All of my gay life I’ve never quite fit one category or the other. Saying this, I’ve never fit any category even out of the gay community. So my partner and I actually went through the list of types of gay men, and here’s what we found:
Twink: thin and smooth, often young. Nope.
Twunk: a muscled twink. Nope (was, not is)
Bears: larger, hairy often with facial hair. Nope
Jocks: muscular, athletic. Nope, unless you consider sitting on my ass athletic
Circuit Boys: muscular, waxed, preened. Nope, nope and nope.
Gay-listers: toned by trainers, preened by stylists. Nope, I don’t have the time.

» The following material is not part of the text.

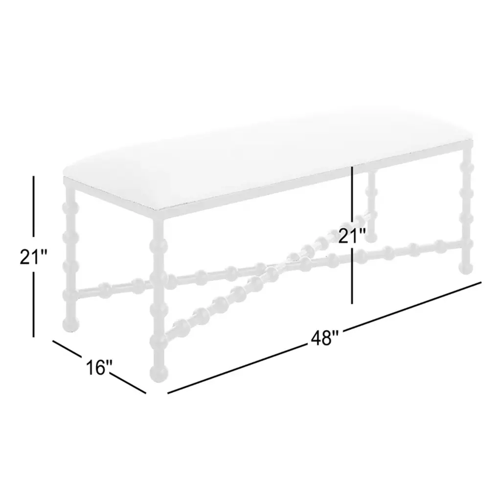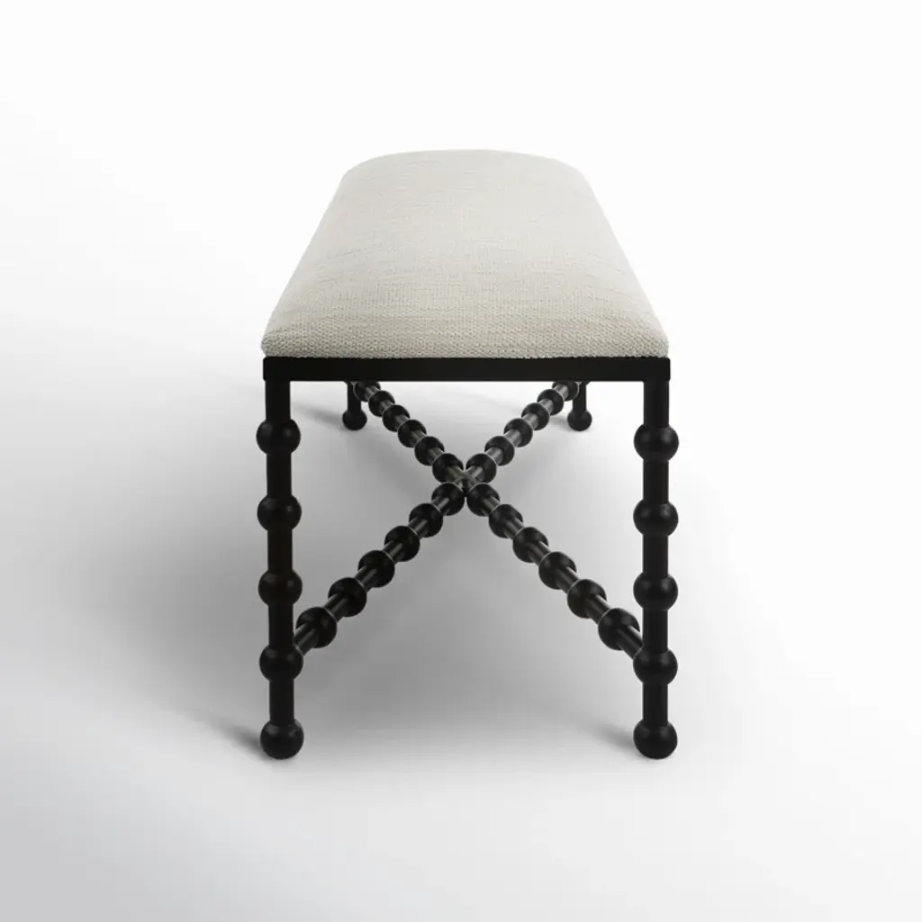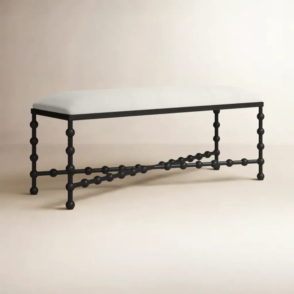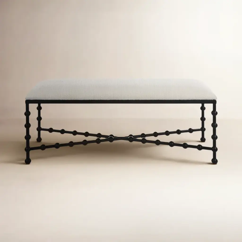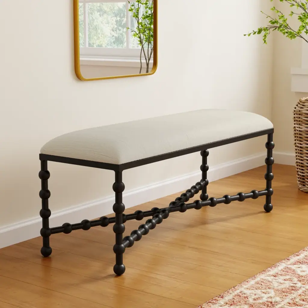 This upholstered bench is such a versatile, eye-catching addition to your home furnishings collection. It has an iron frame in a black finish that contrasts nicely with the white upholstery wrapping around the cushioned seat. Place alongside your dining room table, in the hall – a place to tie up your shoes before you head out the door – or at the foot of your bed topped with a couple folded quilts.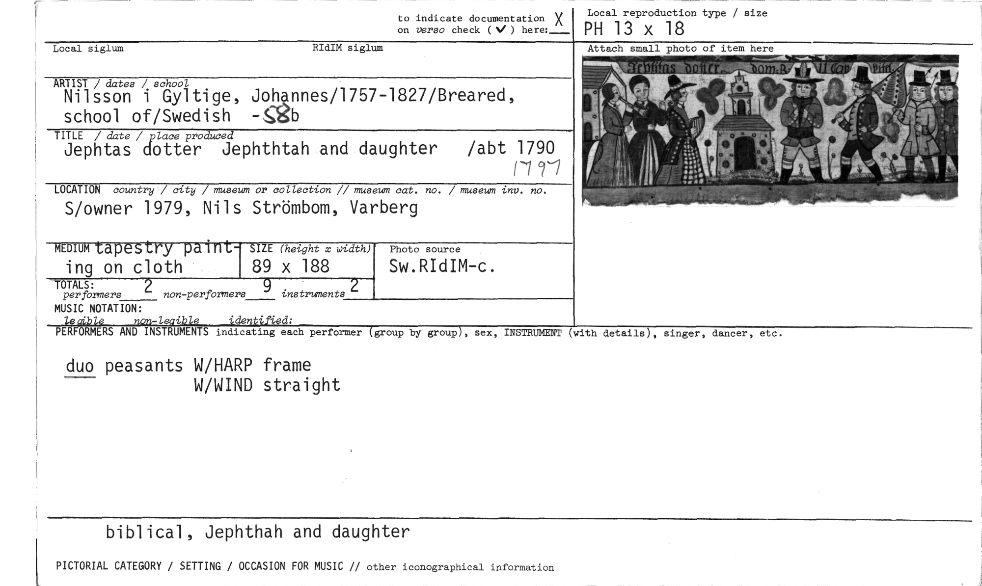 //// to indicate documentation X on verso check (V) here:_ //// Local reproduction type / size //// PH 13 x 18 //// Local siglum RIdIM siglum //// ARTIST / dates / school //// Nilsson i Gyltige, Johannes/1757-1827/Breared, school of/Swedish //// TITLE / date /pluce produced //// Jephtas dotter Jephthtah and daughter /abt 1790 //// I-791 //// LOCATION country / city / museum or collection // museum cat. no. / museum inv. no. //// S/owner 1979, Nils Strömbom, Varberg //// MEDIUM tapestry paint- //// ing on cloth //// SIZE (height x width) //// 89 x 188 //// Photo source //// Sw.RIdIM-c. //// LS: //// per formers //// non-perfOrmers instruments //// MUSIC NOTATION: //// letible non-leaible identified: //// PERFORMERS AND INSTRUMENTS indicating each performer (group by group), sex, INSTRUMENT //// duo peasants W/HARP frame //// W/WIND straight //// (with details), singer, dancer, etc. //// biblical, Jephthah and daughter //// PICTORIAL CATEGORY / SETTING / OCCASION FOR MUSIC // other iconographical information ////

Show Queens: an affinity for the arts. Nope, I can’t sing, don’t ask me.
Art Fags: thin, tattoo and too cool for school. Nope, I’m actually cooler.
Drag Queens: Do I need to define this? Nope
Otter: toned and hairy. Nope
Chub: larger than life (with a personality to go with it) Nope
Chub Chaser: chases chubs. Nope
Cub: a mini-bear (younger). Nope
Pup: inexperienced and naive, young, eager. Nope, none of that.
Gipster: gay hipster. Nope, if I’m too cool for Art Fags, I’m too cool for this.
Daddy: older gay man, well off, likes younger. Nope, but rapidly approaching.
Muscle Daddy: above with muscles. Nope
Daddy Chaser: the compliment to daddys above. Nope
Wolf: semi-hairy, mysterious, hot sex. Nope, almost but not quite.
So there we have it. I’m unique in my own way, apparently. I suppose since I don’t fit into these particular little cliques, I must be even more diverse than the community could imagine.
Or maybe I’m just too twisted for color television.